Sunday 12 October 2014

ENTRY TWENTY SIX - I AM 1



It has been three weeks since Felix's first birthday, and in that time I have started and scrapped at least a dozen entries. I have been tormented by the task of trying to sum up Felix's first year in a thousand words or less, and all the while the words have been lodged deep within, slyly whispering in my ear then turning tail as soon as I try to pin them down. Reading back my false starts I have felt sickened by them. Delete.


And then finally, at long last, on a sunny bench in a churchyard in Hambledon a glorious release occurred. Words that had been jammed and tangled flowed once again, like a river silted up and suddenly cleared, and I felt the relief as pure clear water gushed once again down the dry riverbed. How to encapsulate a whole year? A year in which Felix has gone from being unborn to newborn to infant to toddler. A year of the most profound and wonderful change, but also of struggle, sleep deprivation and gnawing anxiety. A year of immense personal development for all of us, for the breakneck speed of change that a baby undergoes demands that as parents you keep up. It's like a race between a tiny jet propelled car and a push bike, you have to keep peddling and the pace is relentless.  


Motherhood is a brutal pruner, anything unnecessary is ripped off ready or not, but although painful I have welcomed these changes. Motherhood has made me a better person; more patient, more humble, kinder. I have become incredibly dexterous, able to carry a baby and run a bath and feed the cat and pick up stray toys all at once. I have grown the extra arm and eye that all mothers possess, invisible weapons in our struggle to keep our offspring alive. I have felt the pain of sacrifice and done battle with the green eyed monster. We have long outgrown our one bedroom flat and at times I have felt utterly trapped, while financial worries have exacerbated the ordinary challenges of parenthood. And yet a light shines through all the rubbish and clutter, a beautiful beam that illuminates everything before it, chasing away the shadows and striking fear and resentment from the dark corners in which they lurk. Felix. It may be a cliché but it is also a truth; Felix makes it all worthwhile. 
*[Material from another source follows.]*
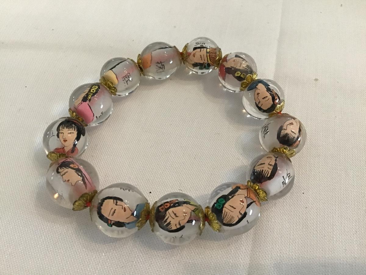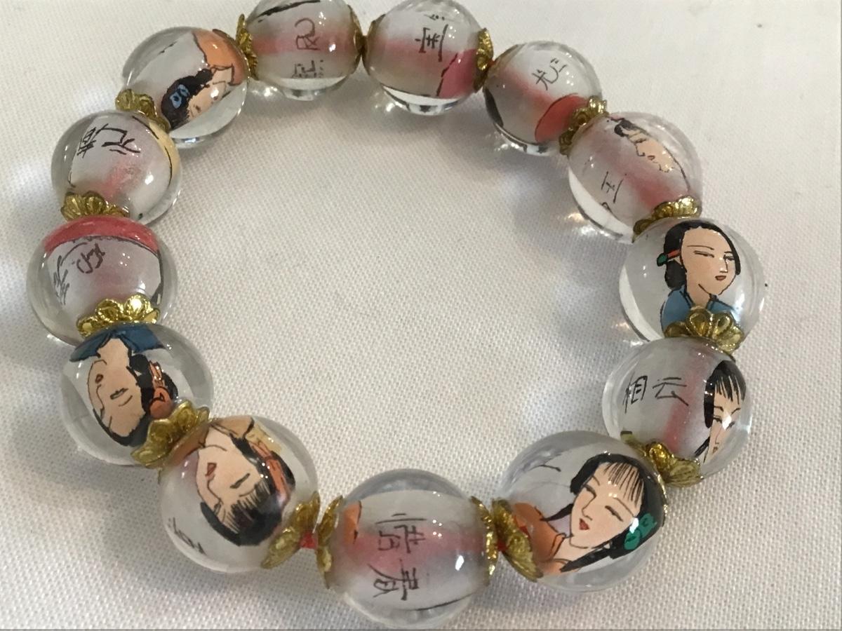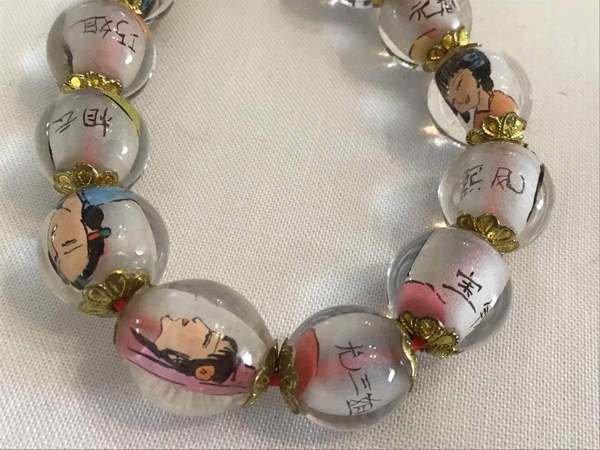 Chinese Reverse Glass Painted Geisha Beads Vintage

On the Sunday before his birthday a small gathering of family and friends converged to celebrate. There was a picnic, a homemade cake iced to look like Mr Bump and a trip to Clarkes to be fitted for his first pair of proper shoes. But most of all there was Barker, an antique dog walking frame purchased in a curiosity shop in Rye. As we sat beneath the sycamore tree Felix raced around the grass with his new pal, stopping now and then to smother him with exuberant kisses. As I sipped my celebratory wine and nibbled on picnic food I pondered the meaning of the first birthday. It's a strange thing really, incredibly significant and yet not really understood or appreciated by the celebrant. It is a rite of passage, an acknowledgement that the first and most dangerous year of a baby’s life has been successfully completed. So many hazards lurk in the first few months, and like any mother I have stood by Felix's cot a thousand times watching to see him breathe...sometimes I still do. 


As our nearly one year old son tumbled to the grass after an overly ambitious turn I rose automatically, running to his side to make sure he was unhurt and setting him back on his feet, and I thought what an incredible journey a human being makes. Once a mass of cells nestled in my womb that had been expelled into the world and become a boy, a person capable of independent thought and action. His blue eyes alight with joy he was in his element, pointing at every airoplane and bird and truck and bus that whizzed past, and I was reminded of the maiden flight of a baby bird. Seeing him prepare to launch himself into the limitless future made me dizzy with wonder; what a privilege to have brought a child into the world, the most beautiful, terrifying honour I will ever know. This is the true meaning of the first birthday, for it is not only the first birthday of your child but also of you as a family. A newborn baby may be fragile and helpless but it's also the Big Bad Wolf and you better make damn sure your house is build of sturdy bricks or it'll huff and puff and blow your straw house right down. The first birthday is a milestone for you as a family, a time to reflect on the year that has passed and celebrate the creation of a family unit, that most precious and wonderful thing that springs from a baby's birth. So go forth and multiply, it will undoubtedly be the best thing you'll ever do.